▶ Source data:
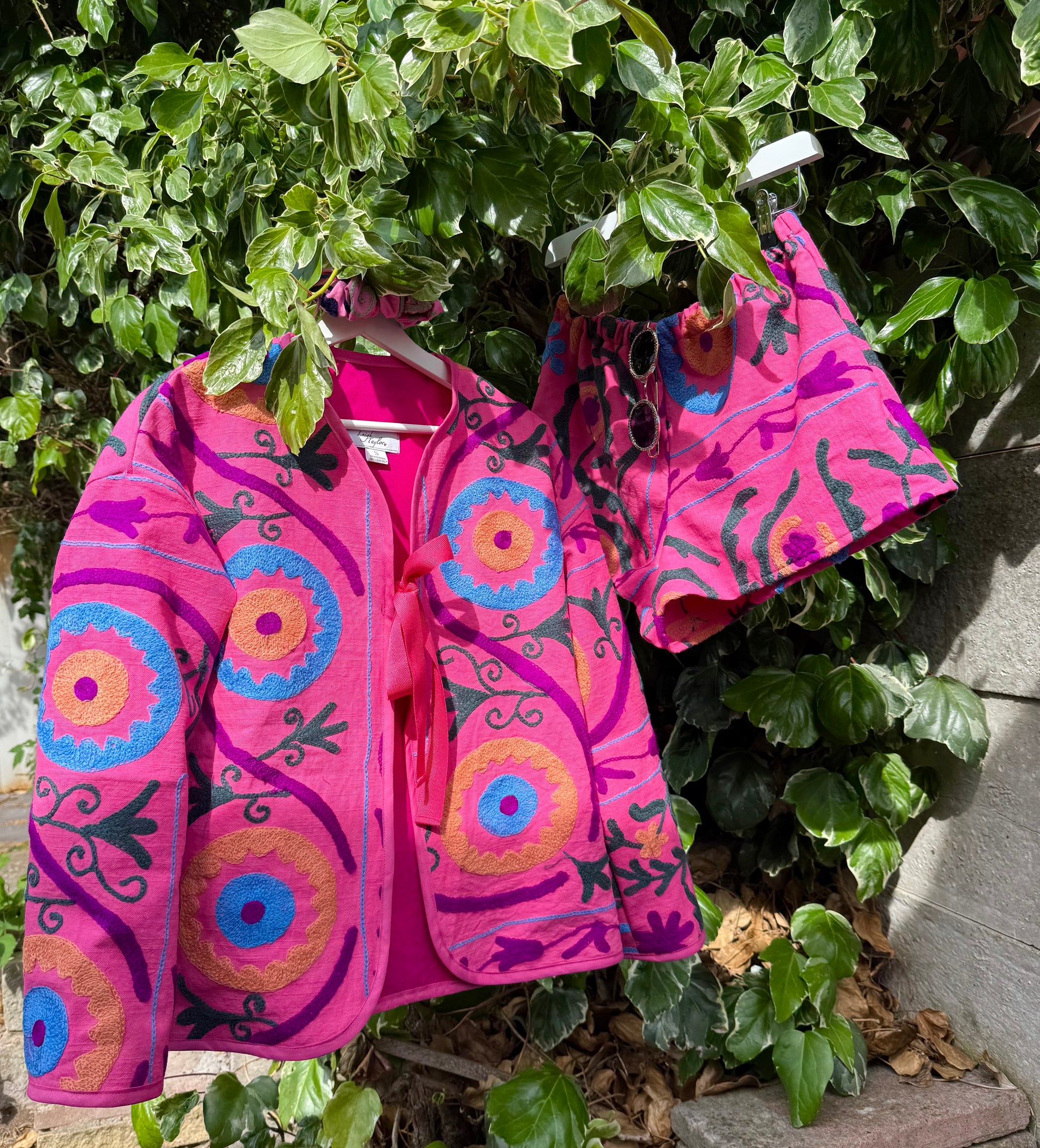 Crafted from rare Suzani fabric, each of these one-of-a-kind jackets tells a story of heritage and artistry. The embroidery is stitched by hand on the machine called Suzani, an intricate process passed down through generations making every piece a wearable work of art.
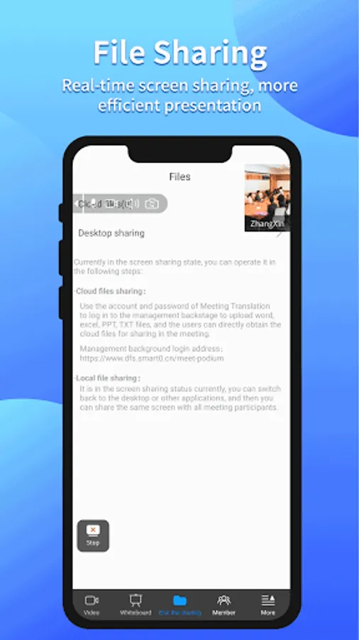 Sharing files supports sharing ppt, text, pictures and other files on the same screen in different places.
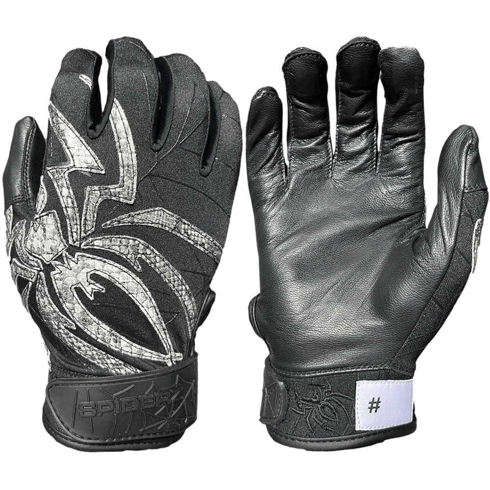 LIMITED EDITION “Black Mamba” PRIZM model. The Black Mamba features a smooth & soft black leather palm, flexible polyester top hand fit, triple reinforced wrist strap and our Spiderz logo in a faux snake skin material.
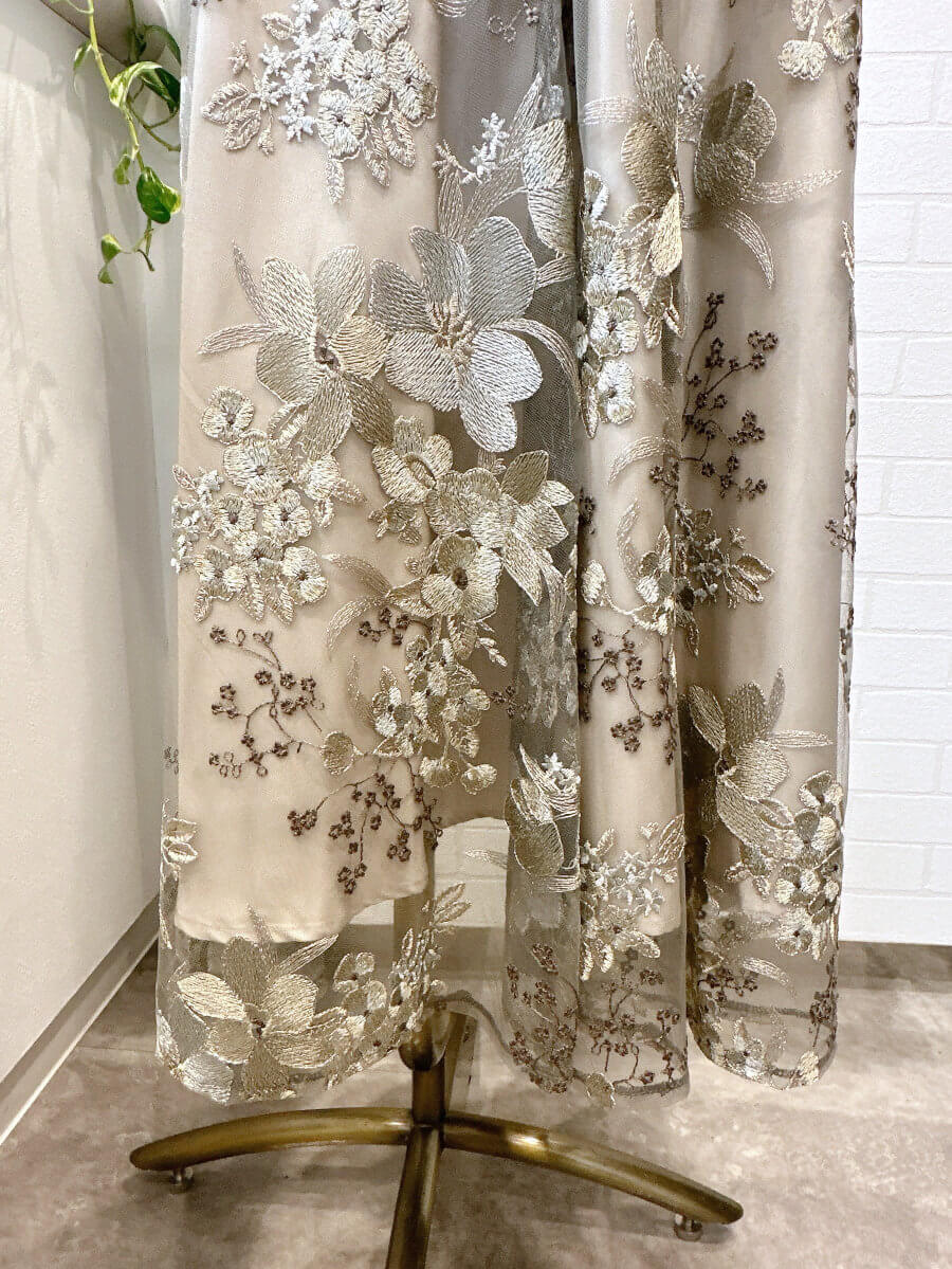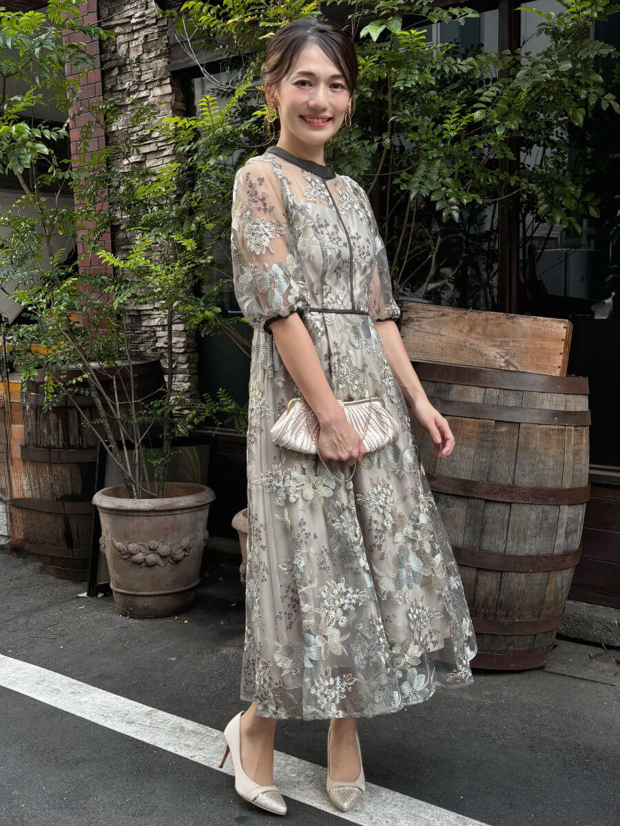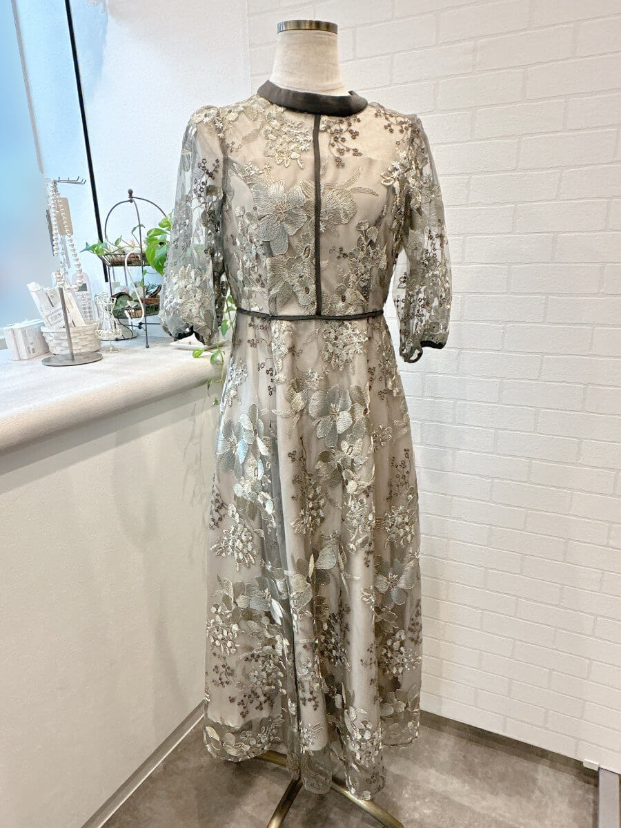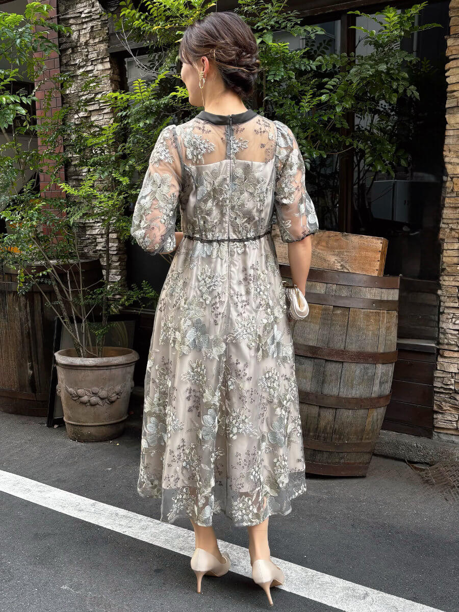 ◇商品について:光沢のある刺繍糸でデザインされた華やかなドレスです。ウエストと袖口にはゴムが採用されており伸縮性があります。切り返し部分に色味のあるステッチを入れることでメリハリがあります。人気のくすみ系のお色で華やかさの中に上品さがあります。レース部分は透け感がありますので下着にはお気を付けください。

▶ What the exercise asks:
Only the pictures are to be left out; write out all the other data exactly.

▶ Solution for this task:
 Crafted from rare Suzani fabric, each of these one-of-a-kind jackets tells a story of heritage and artistry. The embroidery is stitched by hand on the machine called Suzani, an intricate process passed down through generations making every piece a wearable work of art.
 Sharing files supports sharing ppt, text, pictures and other files on the same screen in different places.
 LIMITED EDITION “Black Mamba” PRIZM model. The Black Mamba features a smooth & soft black leather palm, flexible polyester top hand fit, triple reinforced wrist strap and our Spiderz logo in a faux snake skin material.
 ◇商品について:光沢のある刺繍糸でデザインされた華やかなドレスです。ウエストと袖口にはゴムが採用されており伸縮性があります。切り返し部分に色味のあるステッチを入れることでメリハリがあります。人気のくすみ系のお色で華やかさの中に上品さがあります。レース部分は透け感がありますので下着にはお気を付けください。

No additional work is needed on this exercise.